Google I/O day 2: BigQuery and Prediction APIs

First up this morning on the App Engine track is the BigQuery and Prediction APIs talk.

BigQuery

First up is BigQuery. BigQuery is a new API that lets you make use of Google's infrastructure for performing queries and analysis over large collections of read only data. It's designed to scale to massive datasets, and integrates well with App Engine and other platforms.

To use it, you start by uploading your data to the new Google Storage service. Then, you import it into BigQuery tables, and you can run queries on those tables. Despite the fact that it handles billions of rows of data, there's no need to explicitly define indexes, or to shard your data.

The syntax used to query should be familiar: It's based on SQL, and is extremely flexible.
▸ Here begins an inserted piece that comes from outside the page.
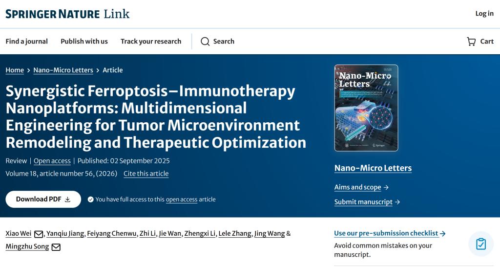 基础医学院本科生首次在“Nano-Micro Letters”国际顶级期刊上发表学术论文近日,由基础医学院魏枭、宋明珠两位老师共同指导的来自临床医学专业2023级的本科生江焱秋、陈伍飞扬、李正熙,护理专业2022级的本科生万杰,临床医学专业2021级的本科生李智同学的研究成果在中科院一区,JCRQ1区国际顶级Top期刊 Nano-MicroLetters 上在线发表,该期刊最新影响因子(2024-IF=36.3)。这也是学校首次有本科生在此期刊上发文。该论文主题为"SynergisticFerroptosis–ImmunotherapyNanoplatforms:...052025-09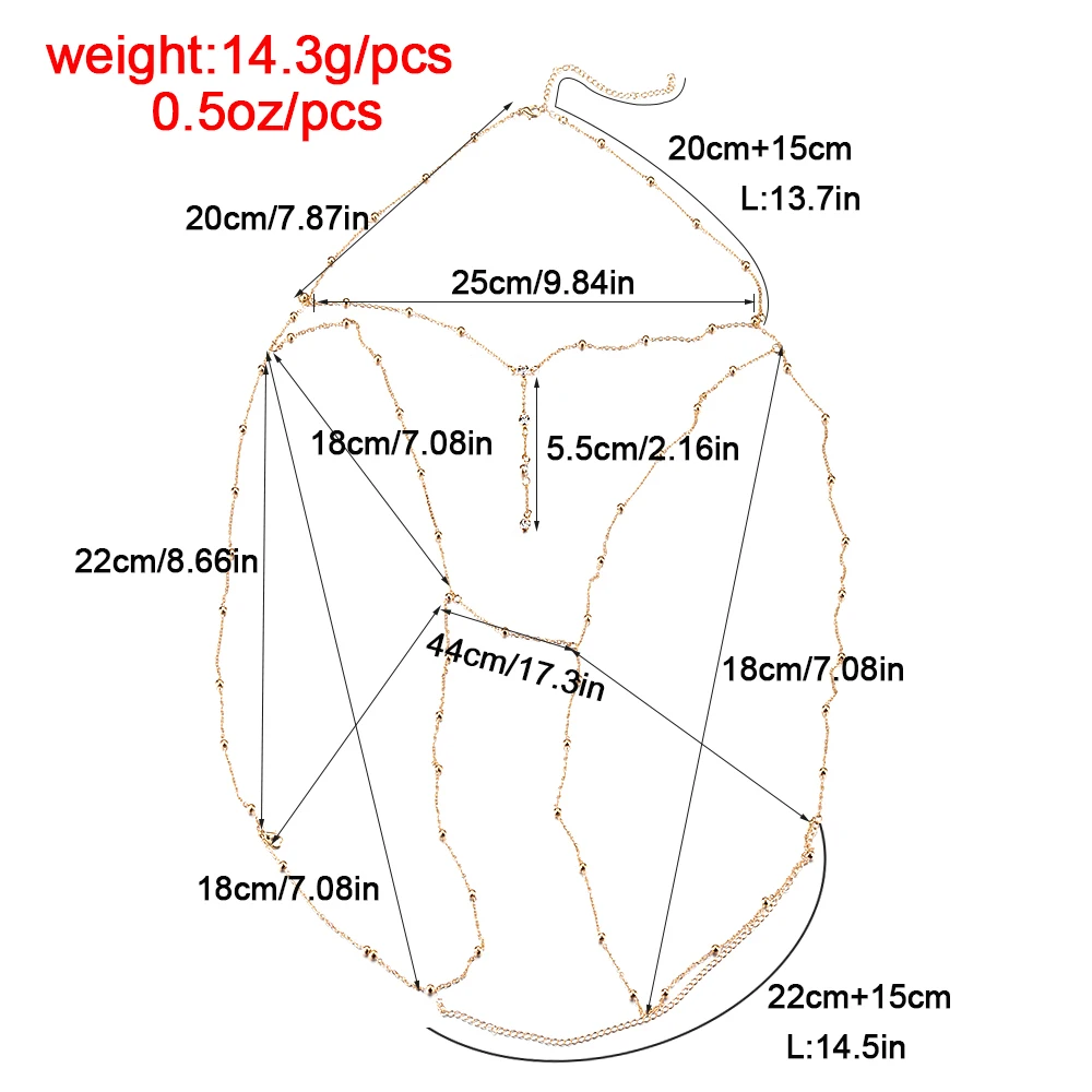 Это стильное, популярное и красивое ожерелье-кроссовера бикини.Одежда делает вас очень личными и уникальными.Уникальный и модный, обеспечит вам самый очаровательный вид.Идеально подходит для подарка.Покажите свое тело этим летом с этими красивыми цепями тела.Описание:100% новый и высокое качествоЦвет: золотой, серебряныйМатериал: сплавДлина: около 62 см + 7 см/24,4 + 2,76''Обхват талии длина цепи: около 40 см + 5 см/15,7 + 1,97''Длина между колье на цепочке и обхват талии длина цепочки: 15 см/5,91''Посылка включает в себя: 1 пикантная цепочка для телаПримечание: возможны отклонения на 1-2 см вследствие измерений вручную, спасибо!

Using the example of the database of all Wikipedia revisions, getting the 5 most edited titles is as simple as:

SELECT TOP(title, 5), COUNT(*) FROM [bigquery.test.001/tables/wikipedia] WHERE wp_namespace = 0;

The speed has to be seen to be believed - response times from under a second to a few seconds for hundreds of millions to tens of billions of rows - seemingly regardless of the query.

The API is extremely simple, and based on JSON - see the docs for details.

Prediction API

The prediction API is machine learning - specifically, Supervised Classification - exposed as a web service. Just like with BigQuery, you start by uploading your data to Google Storage, and building/training your model offline. Once that's done, though, you can do predictions in real-time.
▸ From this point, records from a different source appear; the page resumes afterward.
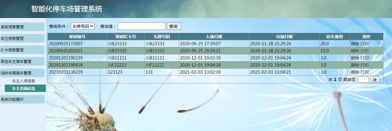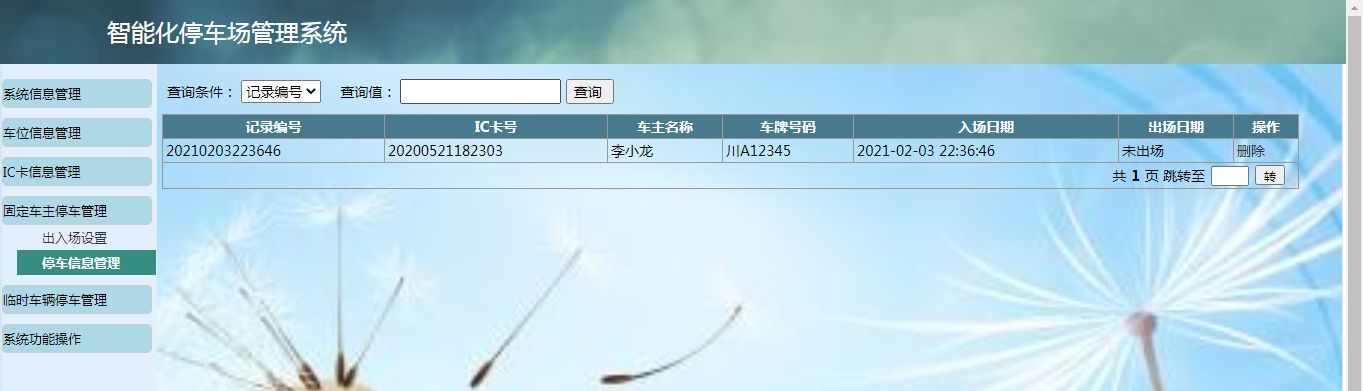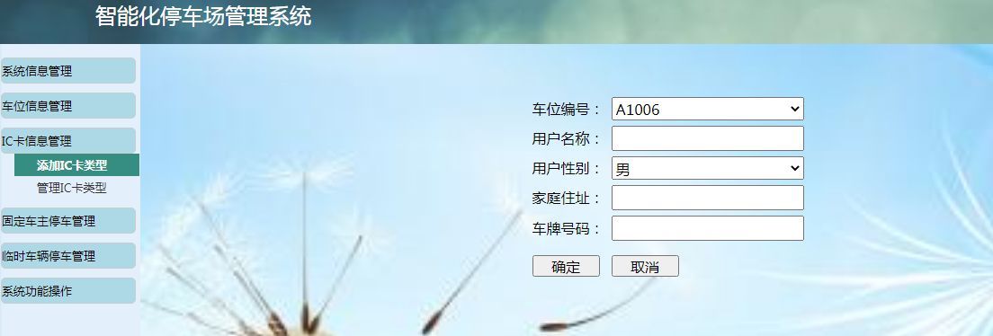 基于Web停车场管理系统主要用于实现停车场相关信息管理,基本功能包括:系统信息管理模块、车位信息管理模块、IC卡信息管理模块、固定车主停车管理模块、临时车辆信息管理模块、系统功能操模块等。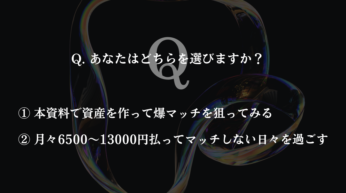 本資料で東カレで長期的に使える資産ができるならぶっちゃけ安い投資です。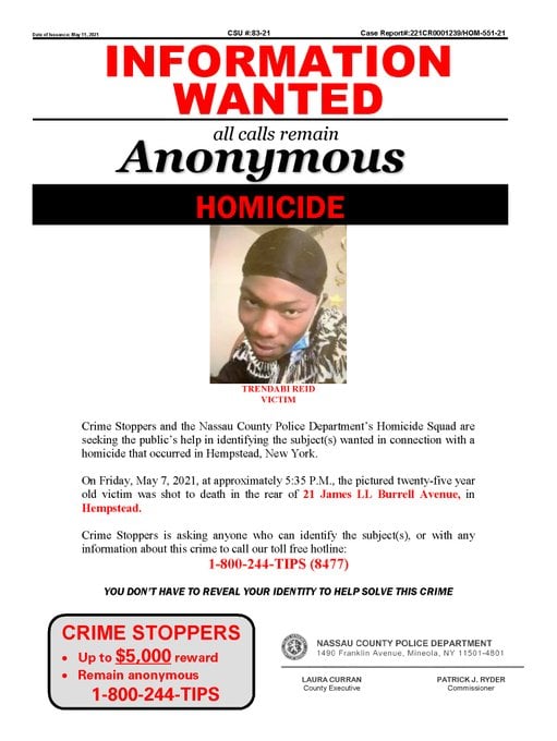 The Homicide Squad reports the details of a homicide that was discovered on Friday, May 7, 2021 at 5:40pm in Hempstead. According to detectives, a male was found deceased on James L Burrell Avenue with an apparent gunshot wound. The investigation is ongoing.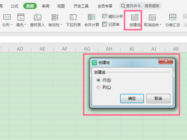 2、在数据中,点击创建组选项,选择行进行组合。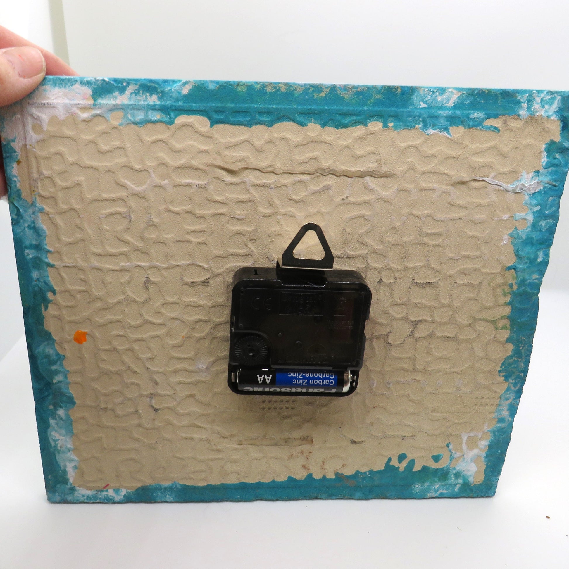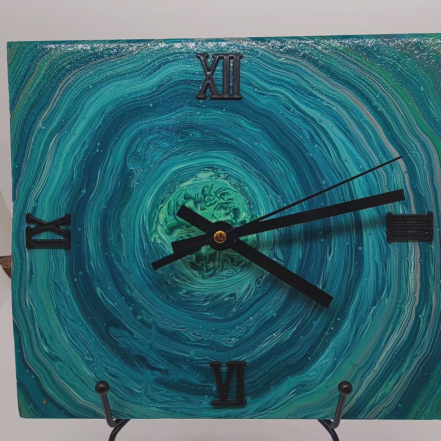 Handmade Teal Pour Paint Clock with Habitat Tile - Earth Day Art Decor 8x8 inches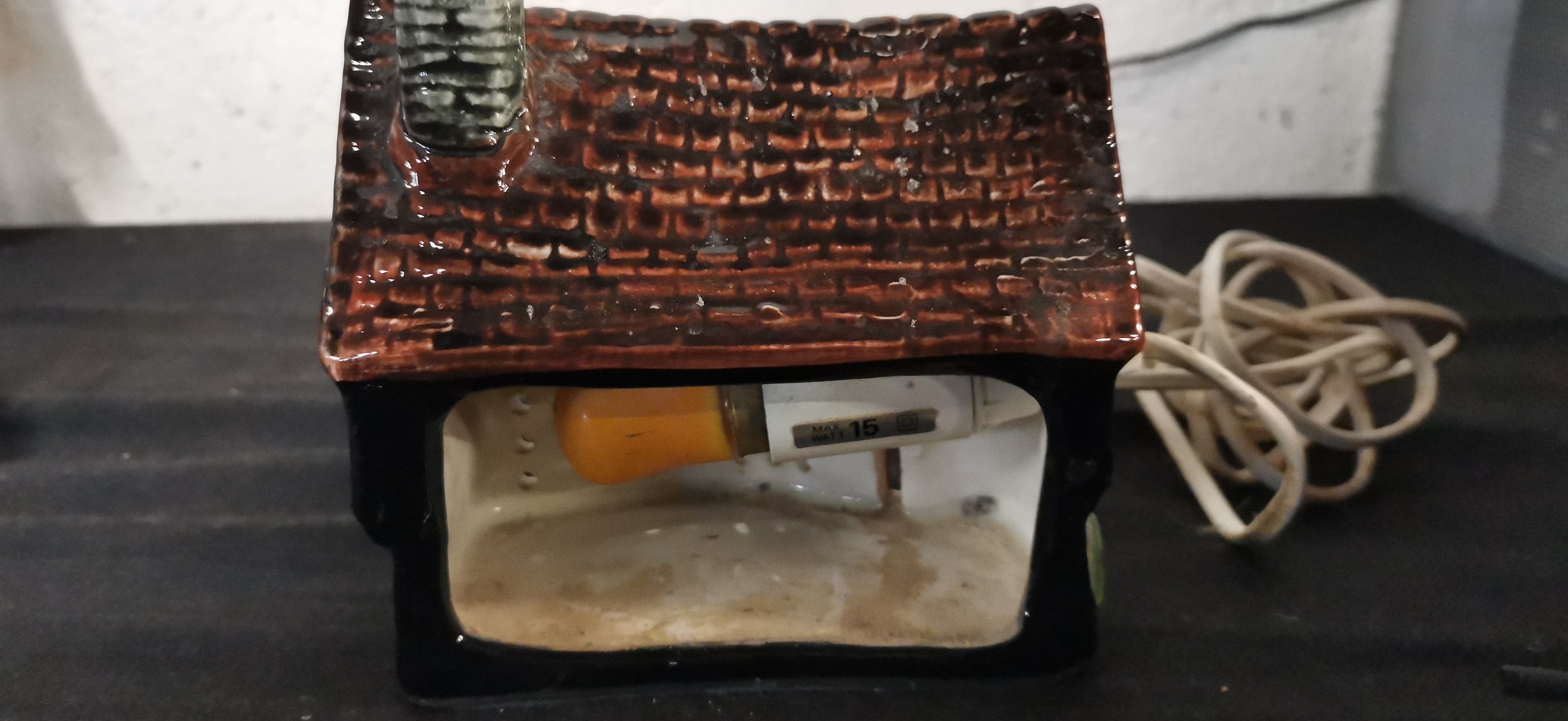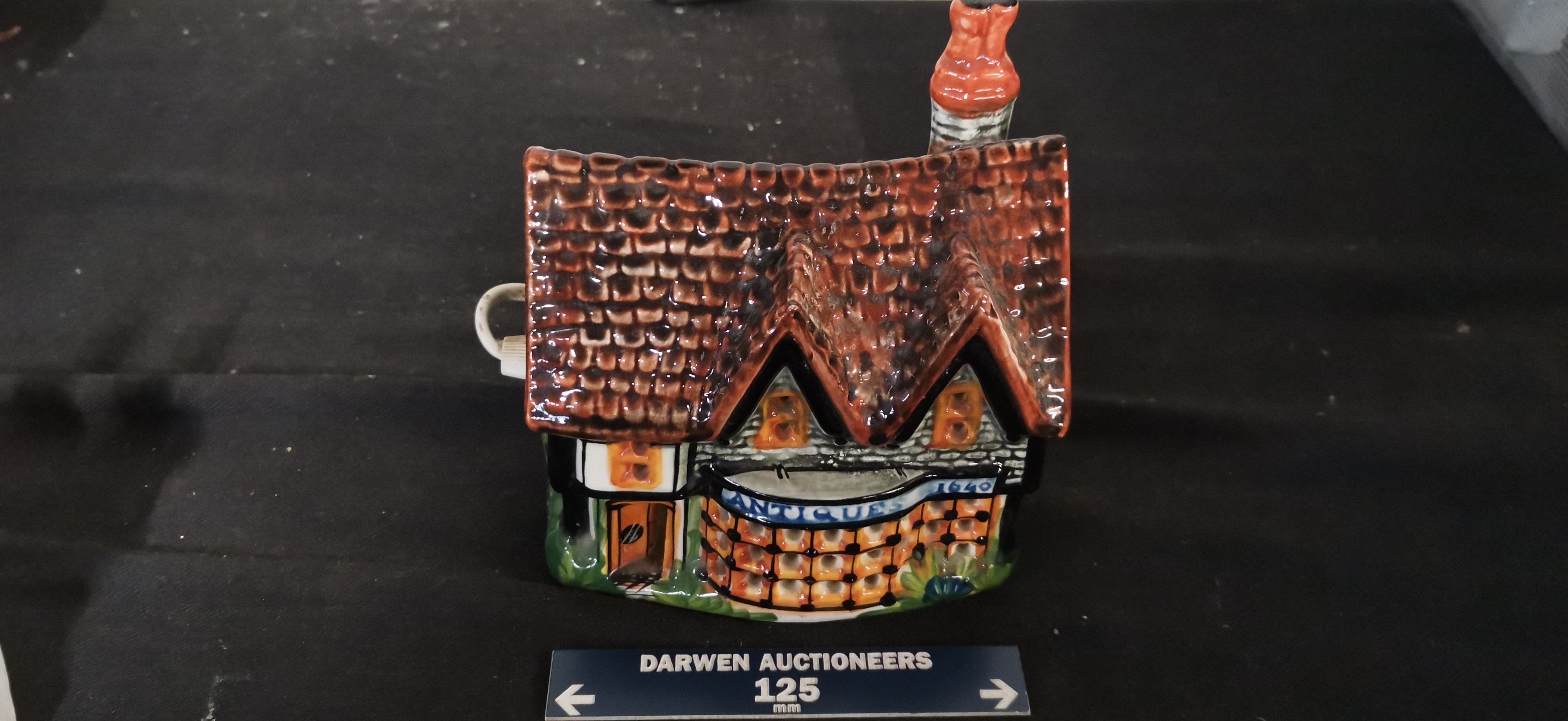 A ceramic house-shaped night light depicting an antique shop with a reddish-brown shingled roof and ANTIQUES 1640 signage, measuring approximately 125mm in width.

The input format is quite straightforward, and documented here. For text data, it's simply a CSV file of output 'labels' and input strings. The Machine learning API takes care of building a model based on that.

Once it's trained, doing a prediction request is as easy as you'd expect: Simply provide an element of data, such as a text string, and the API will use your trained model to predict which label should be associated with it.

I already have a couple of applications in mind for these APIs. Do you? Let me know what you'd like to see in the comments.